Response: In Amendment No. 1 the Company has revised the Fees and Expenses table, including the notes thereto to reflect annualized percentages calculated based on actual fees and expenses incurred in the quarter ended December 31, 2015 and average net assets for the quarter ended December 31, 2015. In response to the Staff’s comment, the Company has edited Footnote 4 to the Fees and Expenses table as reflected on page 9 of the Blackline to include the corresponding dollar amount of total gross annualized expenses without the voluntary credits of $26.8 million. The Company also edited Footnote 6 to the Fees and Expenses table as reflected on page 9 of the Blackline to include the corresponding dollar amount of total annualized expenses with the voluntary fee credits of $21.2 million. The Company believes this will provide investors with a more clear understanding of the dollar amount difference with and without the voluntary credits.

 

  2. Comment: Page 9 – Fees and Expenses – Footnote 5 – Disclosure in this note states the total expenses after all voluntary fee waivers would be 6.4% for the quarter ended 9/30/15. The net expense ratio in the 9/30/15 financial highlights on page F-49 is 10.24%, which is significantly higher than 6.4%. Please confirm that 6.4% is accurate and why it is not misleading to disclose this lower amount when the fiscal year end ratio is significantly higher. Please also make clear in the Fees and Expenses table whether quarter or twelve-month figures have been consistently used to calculate the annualized percentages.

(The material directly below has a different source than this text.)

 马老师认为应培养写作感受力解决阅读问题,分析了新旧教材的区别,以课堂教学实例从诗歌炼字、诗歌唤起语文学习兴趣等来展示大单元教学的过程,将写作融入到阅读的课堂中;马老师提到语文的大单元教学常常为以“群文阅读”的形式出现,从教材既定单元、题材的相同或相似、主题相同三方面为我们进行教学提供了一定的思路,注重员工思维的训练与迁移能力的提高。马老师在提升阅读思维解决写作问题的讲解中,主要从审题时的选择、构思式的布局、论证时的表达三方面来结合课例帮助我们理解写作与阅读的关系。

Response: In Amendment No. 1 the Company has revised the Fees and Expenses table, including the notes thereto to reflect annualized percentages calculated based on actual fees and expenses incurred in the quarter ended December 31, 2015 and average net assets for the quarter ended December 31, 2015. In response to the Staff’s comment, the 6.4% disclosed in footnote 5 for the quarter ended September 30, 2015 was inadvertently calculated erroneously. The total net expenses after all voluntary fee credits should have been 9.6% for the quarter ended September 30, 2015. The calculation of total expenses after all voluntary fee credits has been corrected in the revised Fees and Expenses table included in Amendment No. 1. In response to the Staff’s comment, the Company has inserted additional disclosure to clarify that all amounts are annualized figures based on actual fees and expenses for the quarter ended December 31, 2015.

 

  3. Comment: Page 22 – In the discussion regarding the Company’s inability to issue shares of common stock at a price below NAV per common share, please disclose that the Company is seeking stockholder approval to do this at its upcoming annual stockholders meeting. If the Registration Statement is declared effective after such stockholder approval is received, please update this disclosure regarding receipt of such approval.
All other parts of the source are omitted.